**EXERCISE:** Copying rule for the data below: pictures stay out, and only the lines from the one with "FIXSMITH Microfiber Cleaning" down to the one with "Download our free", inclusive, are repeated exactly.

**PROVIDED RECORDS:**
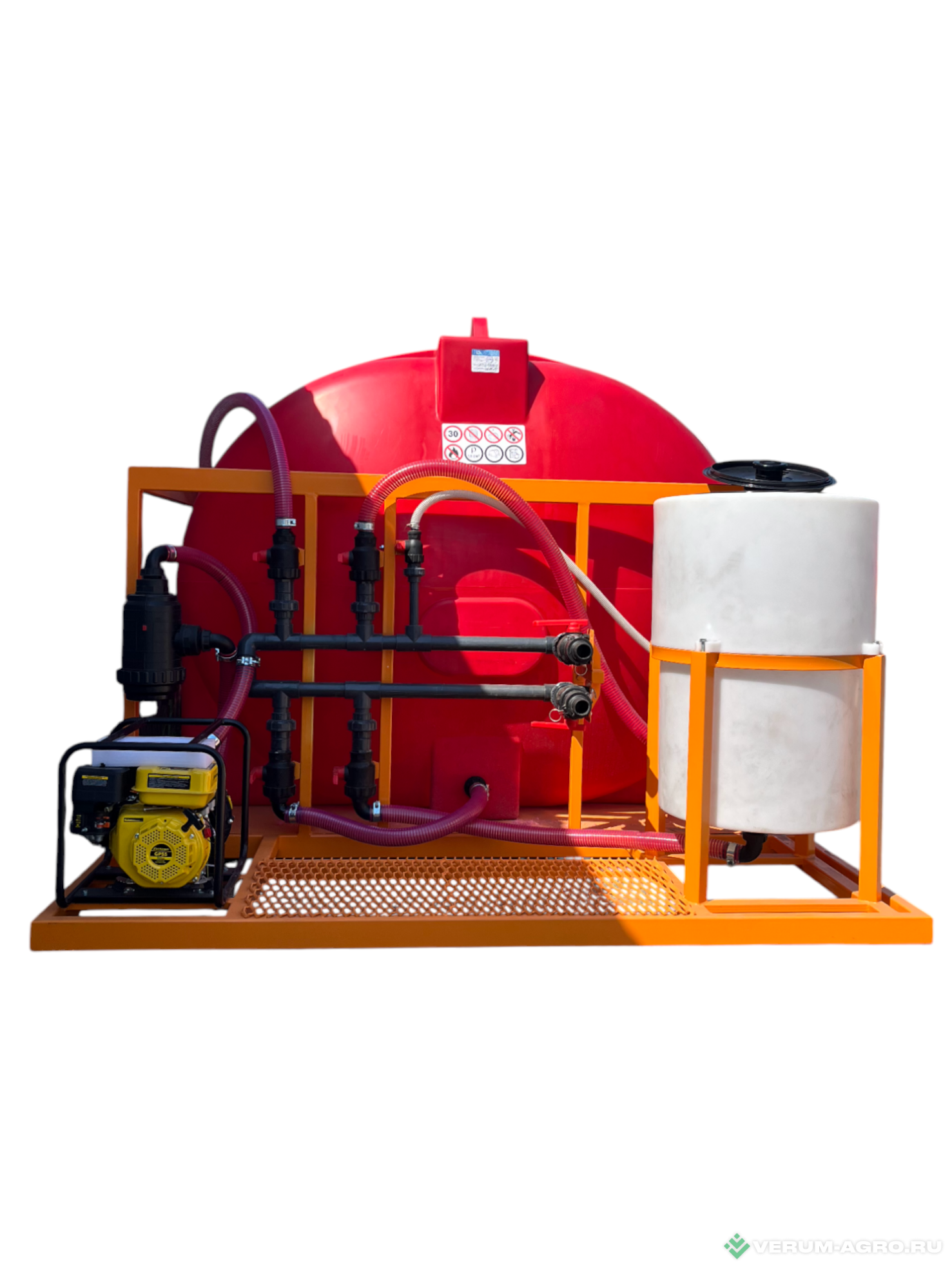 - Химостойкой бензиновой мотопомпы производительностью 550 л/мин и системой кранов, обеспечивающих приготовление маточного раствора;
---
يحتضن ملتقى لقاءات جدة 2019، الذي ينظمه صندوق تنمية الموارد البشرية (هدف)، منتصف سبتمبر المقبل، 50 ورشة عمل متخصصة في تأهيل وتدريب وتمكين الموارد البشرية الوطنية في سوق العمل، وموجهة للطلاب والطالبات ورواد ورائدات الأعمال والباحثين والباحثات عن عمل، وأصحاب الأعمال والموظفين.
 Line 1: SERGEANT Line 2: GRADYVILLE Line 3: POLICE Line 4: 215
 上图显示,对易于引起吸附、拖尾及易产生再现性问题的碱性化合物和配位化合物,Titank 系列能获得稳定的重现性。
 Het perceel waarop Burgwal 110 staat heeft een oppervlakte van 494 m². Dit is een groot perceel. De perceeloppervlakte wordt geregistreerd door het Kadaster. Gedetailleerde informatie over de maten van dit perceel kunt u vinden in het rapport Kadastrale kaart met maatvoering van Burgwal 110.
* * *
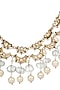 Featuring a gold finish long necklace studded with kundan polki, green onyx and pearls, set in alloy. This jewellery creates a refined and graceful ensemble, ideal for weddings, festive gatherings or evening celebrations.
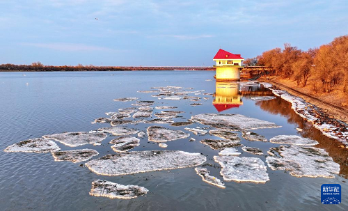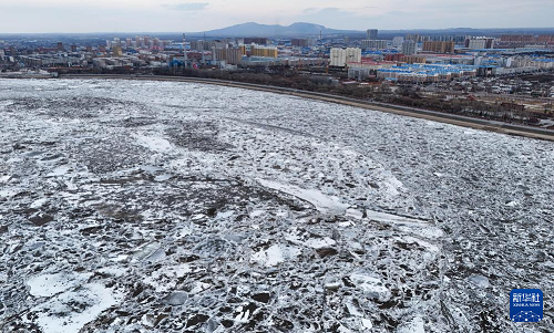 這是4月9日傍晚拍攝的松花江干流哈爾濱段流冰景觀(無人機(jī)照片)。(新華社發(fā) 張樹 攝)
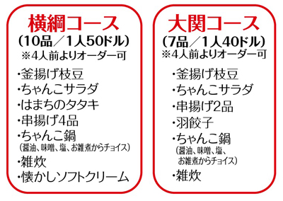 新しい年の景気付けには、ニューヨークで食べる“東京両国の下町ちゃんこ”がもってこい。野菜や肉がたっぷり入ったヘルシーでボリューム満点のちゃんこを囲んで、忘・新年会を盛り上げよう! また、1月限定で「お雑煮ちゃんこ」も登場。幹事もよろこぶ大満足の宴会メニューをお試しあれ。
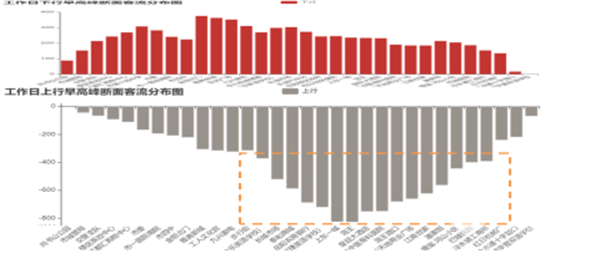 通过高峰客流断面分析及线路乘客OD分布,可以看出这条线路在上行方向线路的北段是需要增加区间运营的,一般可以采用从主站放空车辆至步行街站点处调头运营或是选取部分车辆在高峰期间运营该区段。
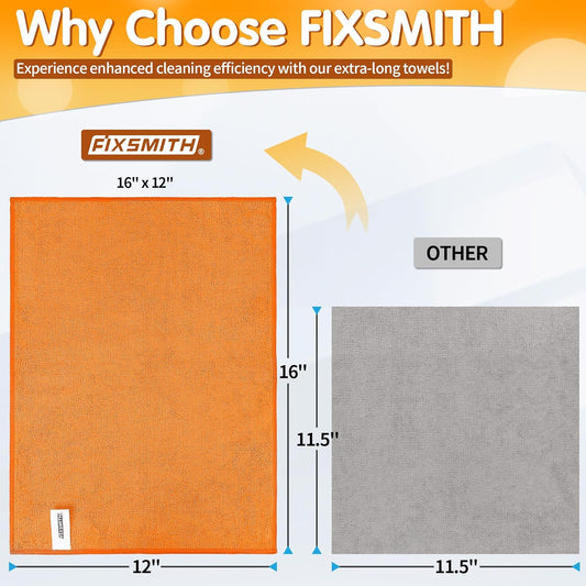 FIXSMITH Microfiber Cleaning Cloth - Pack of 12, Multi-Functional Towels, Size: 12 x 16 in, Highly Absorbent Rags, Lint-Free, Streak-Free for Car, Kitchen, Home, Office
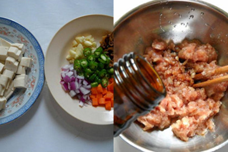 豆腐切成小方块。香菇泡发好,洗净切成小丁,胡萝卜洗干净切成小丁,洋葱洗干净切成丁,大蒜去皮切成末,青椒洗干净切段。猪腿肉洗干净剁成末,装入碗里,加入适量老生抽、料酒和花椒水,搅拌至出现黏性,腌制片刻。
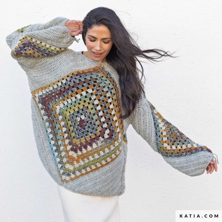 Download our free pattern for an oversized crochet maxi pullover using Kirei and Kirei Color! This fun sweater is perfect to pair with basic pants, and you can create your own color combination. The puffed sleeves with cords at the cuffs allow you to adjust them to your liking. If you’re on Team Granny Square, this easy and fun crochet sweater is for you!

**YOUR RESPONSE:**
 FIXSMITH Microfiber Cleaning Cloth - Pack of 12, Multi-Functional Towels, Size: 12 x 16 in, Highly Absorbent Rags, Lint-Free, Streak-Free for Car, Kitchen, Home, Office
 豆腐切成小方块。香菇泡发好,洗净切成小丁,胡萝卜洗干净切成小丁,洋葱洗干净切成丁,大蒜去皮切成末,青椒洗干净切段。猪腿肉洗干净剁成末,装入碗里,加入适量老生抽、料酒和花椒水,搅拌至出现黏性,腌制片刻。
 Download our free pattern for an oversized crochet maxi pullover using Kirei and Kirei Color! This fun sweater is perfect to pair with basic pants, and you can create your own color combination. The puffed sleeves with cords at the cuffs allow you to adjust them to your liking. If you’re on Team Granny Square, this easy and fun crochet sweater is for you!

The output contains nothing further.